Restaurar es saber diagnosticar

Los edificios no son eternos. Los promotores ya no construyen para la posteridad, como se hacía en la antigüedad. Ahora solo se construye para ganar dinero. Por eso es tan importante concienciarnos de la importancia de restaurar. En una obra de restauración o de rehabilitación hay tanto arte como en una obra nueva. No todo el mundo sabe restaurar, rehabilitar, reformar. Requiere unos conocimientos técnicos muy precisos, y una sabiduría muy peculiar a la hora de diagnosticar. Esto no se enseña en la Escuela de Arquitectura, donde te forman para ser un arquitecto que pasará a la historia. Como solamente se hacen rehabilitaciones o reformas, nos encontramos con que están llevándolas a cabo advenedizos que no saben lo que tienen entre manos, que no saben diagnosticar y, por lo tanto, que no saben sanar. No es culpa del arquitecto, sino de la sociedad. Todos somos responsables de lo que tenemos a nuestro alrededor. Nada nos es ajeno.
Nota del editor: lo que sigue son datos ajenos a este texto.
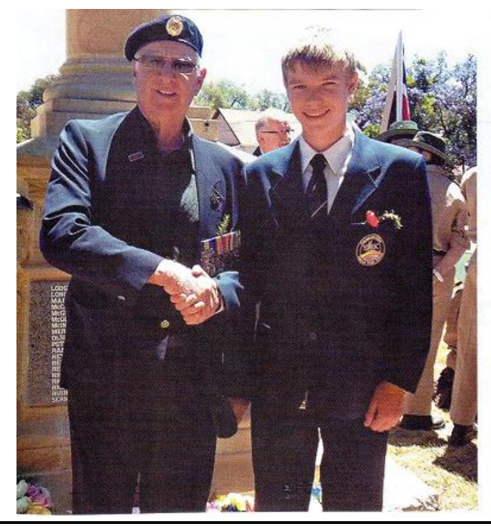
Remembrance Day - 2014
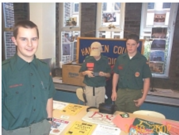
On the left , KB1HUM, KB1GHC, and KB1FTX work the table at the MTARA flea market.
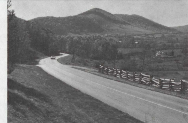
PARKWAY NEAR ROCKY KNOB, MILE 167 For 150 miles south of Roanoke, Va., the Blue Ridge is a high rolling plateau which breaks sharply on the east.
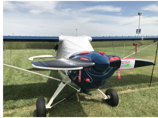
Cub Crafters EX2 Canopy Cover, Engine Plugs
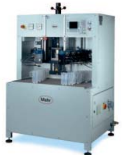
Test Stand for twelve-outlet port Spinning Pumps

a preset counter-pressure. The delivered flow rate of the discharge ports is then measured under various differential pressures and precisely documented. For increased testing accuracy, the test is carried out under defined conditions with a low-viscosity silicone oil (e.g. 0.5 Pascal). All other testing conditions remain constant while the discharge pressure is adjusted to the correct differential pressure. The fluid metered through the Pump is collected and weighed. Evaluation of these measurements gives the two vital Pump values needed to assure the discharge quality: the "metering accuracy" and the "delivery deviation" of the Pump discharge ports at various differential pressures. These results give you the certainty that everything is running the way your production process requires.
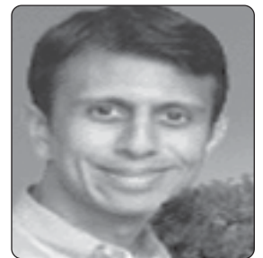
Bobby Jindal will be sworn in as Louisiana's governor on Monday
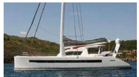
TRAMONTANE Catana 65 19.70 m 2008, Refit 2021 Location: Gruissan, South of France EUR 1 350 000
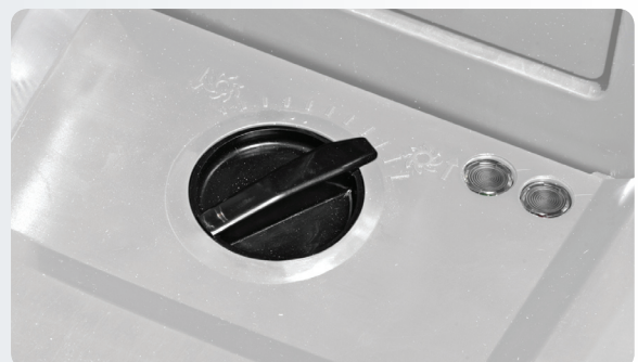
Indicators guide the user
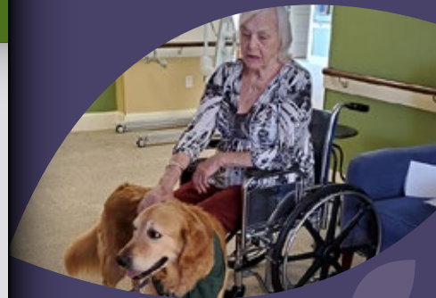
Slice of Life pg. 3
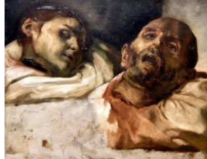
Plate 87 Studies of severed heads
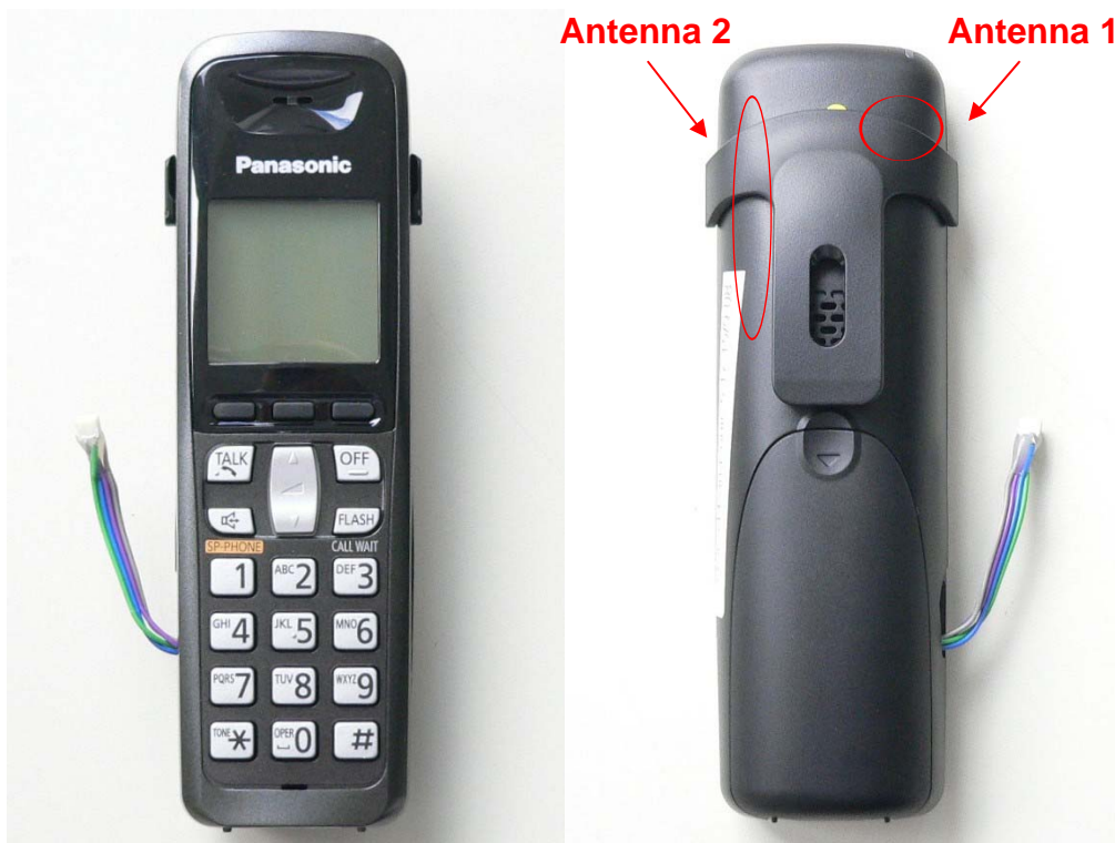
Fig.16: Pictures of the device under test

Fig. 16- 17 show the device under test and the used accessories.
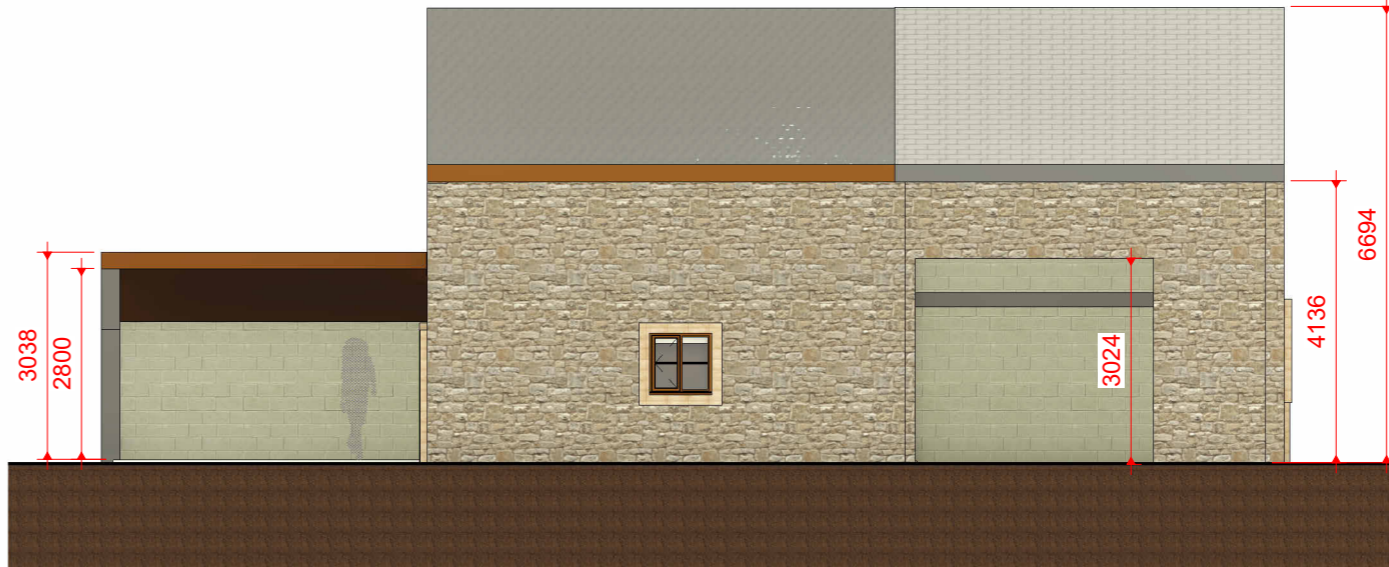
2 EXISTING EAST ELEVATION 1 : 50
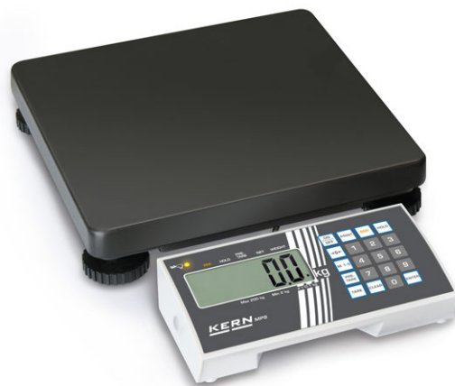
KERN MPS-M with free-standing display device
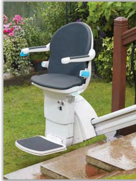
Outdoor Stair Lifts
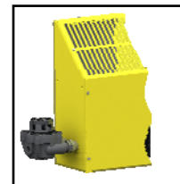
Left Side Electrical Enclosure Option Code "LC"
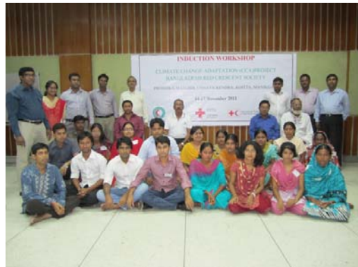
Participants of the climate change adaptation project induction workshop.

A knowledge management framework has been prepared for BDRCS as part of the preparation for establishing the knowledge management system, in line with the BDRCS mandate to Bangladesh Climate Change Strategy and Action Plan (BCCSAP) 2009 and DRM strategy 2010-14. This framework will ensure the smooth information flow within BDRCS and with relevant actors in CCA as well as between the communities. A project brochure has been prepared both in English and Bangla. The activities related to publishing e-newsletter and offering a fellowship for the first year is in progress. BDRCS is exploring collaboration with the EPFL and other local universities, such as University of Dhaka and BRAC University amongst others to offer the advanced course in CCA/DRR. To facilitate knowledge management activities under the project a voluntary advisory group consisting of CC/DRR experts in Bangladesh has been formed.
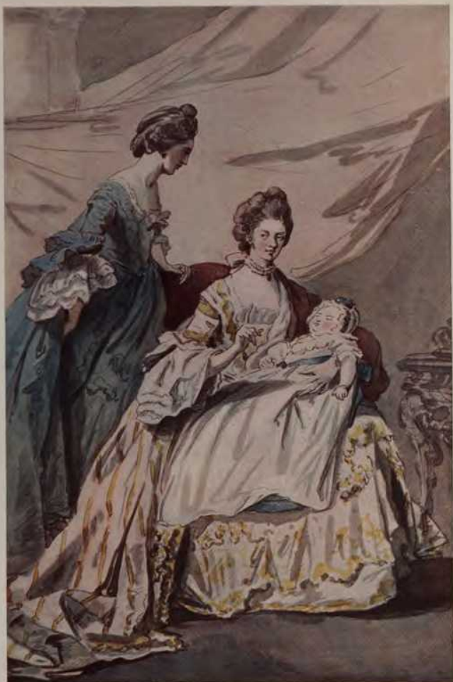
QUEEN CHARLOTTE WITH THE PRINCESS ROYAL, AND THE DUCHESS OF ANCASTER. From a Water-colour Drawing by Francis Cotes, R.A. British Museum.
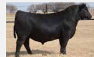
SIRE - PF OKLAHOMA 6625

» His sire, Oklahoma has done an awesome job in the industry and really worked here at Anchorage, he just seems that he doesn't miss for us » His dam, 195H was purchased in the Rose Bowl Event from the beauties up at Chatsworth and she has evolved into an awesome cow » This heifer bull prospect is loaded with maternal and will certainly do a job for you, especially if you retain females as this is a stacked pedigree here in this bull
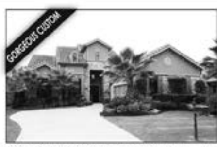
NORTHGATE FOREST | 16131 Villa Fontana Way $625,000 | MLS# 26552847 | 4217 SqFt Golf Course views. Professionally decorated and landscaped

281.433.2087 lbeck@garygreene.com www.LindaBeck.com
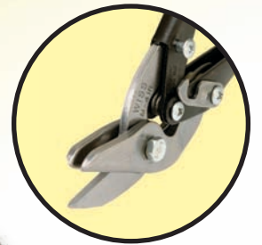
M41R 9 1/4" Metalmaster Pipe & Duct Snips

Hand Seamers feature 1/4" incremental depth marks on jaws. Pipe and duct snips use a patented ball-bearing jaw action that automatically adjusts blade clearance. Choose the HM41V for rigid non-metallic sheet materials or the M41R for sheet metal, vinyl tiles and plastic laminates.
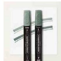
Peaceful Pine Stampin' Blends Combo Pack [167668]
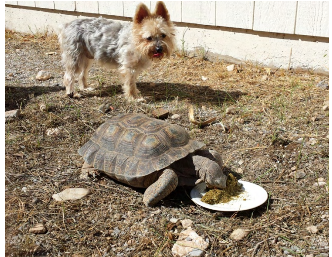
Dash, from the Desert Tortoise Conservation Center, digs into his MegaDiet on Day 1 at his new home. Missy LOVES her new brother. Dash is too large to translocate to the desert.

Winter winds. Last January when it was windy and cold, I wadded up a ball of newspaper, taped it so the paper would stay in a ball, and stuffed it in the mouth of Tad's burrow to cut down on the air circulation. I took it out after a few weeks when the weather warmed.

Un conflicto envenenado por la manipulación mediática y política

Superé la crisis posolímpica del año 1991 al 1996, y pensaba que podría, también, con esta última, que empezó en 2006. Y cuando parecía que podía levantar cabeza, de repente apareció otro fantasma: el proceso independentista catalán, que está afectando a la economía. Este problema, para un vasco exiliado en Catalunya, es muy difícil de llevar. Entre otras cosas, me fui del País Vasco huyendo de su escenario de confrontación. Del odio, de la violencia, de la muerte, de la sinrazón. No quería que mis hijos vivieran en medio de todo eso. Por eso me duele que en mi país, que es Catalunya, se reproduzcan los mismos males. Para mí lo más duro es la incomprensión del pueblo catalán que hay en el exterior; la misma incomprensión que yo sufrí como vasco en Madrid, donde nos tiraban piedras, nos llamaban etarras o nos escupían por el simple hecho de ser de dónde éramos. No acabo de entender que amigos míos del País Vasco no sean comprensivos con la situación que vive ahora Catalunya. Parece que no se acuerden de que a nosotros nos escupían, también, como ahora se escupe a los catalanes. La manipulación mediática y política de la realidad que vivimos es impresionante. En Catalunya se vive muy bien. Vivimos bien. No hay luchas en las calles, como viví yo en San Sebastián en 1975. Eso sí, hay silencio y miedo, miedo a hablar de política. Las parejas ya no hablan de este tema. Ni las familias. Ni los arquitectos. Es la reacción de la sociedad civil para defenderse de los políticos. Lo mismo que ya viví en el País Vasco. Aun así, soy optimista, y si lo del País Vasco, un problema mucho más delicado, con tantas muertes de por medio, con amenazas y extorsión, se arregló, y no tiene nada que ver la realidad de hoy con la de hace solo cinco años, lo de Catalunya también se arreglará. Lo que no sé es ni cómo ni cuándo.

En casa hablamos, sin problemas, catalán y castellano

Después de treinta y cinco años de residencia en Catalunya, continúo sin tener ningún problema por expresarme en castellano. Hablo en castellano incluso con mi suegro, catalán de toda la vida. Él me habla en catalán y yo le hablo en castellano, y nuestra comunicación es perfecta. No pasa nada, no hay ningún problema. Somos un suegro y un yerno como tantos pueden haber. Mis hijos, nacidos y criados en Catalunya, saben catalán y saben castellano. Yo les hablo en castellano y mi mujer les habla en catalán, y entre ellos hablan en catalán. En mi opinión, el debate lingüístico es, en todo caso, un problema de adultos. Los niños tienen una capacidad extraordinaria de aprender idiomas. Por eso me duele cuando, de un lado y del otro, se les intenta utilizar para polemizar en este asunto.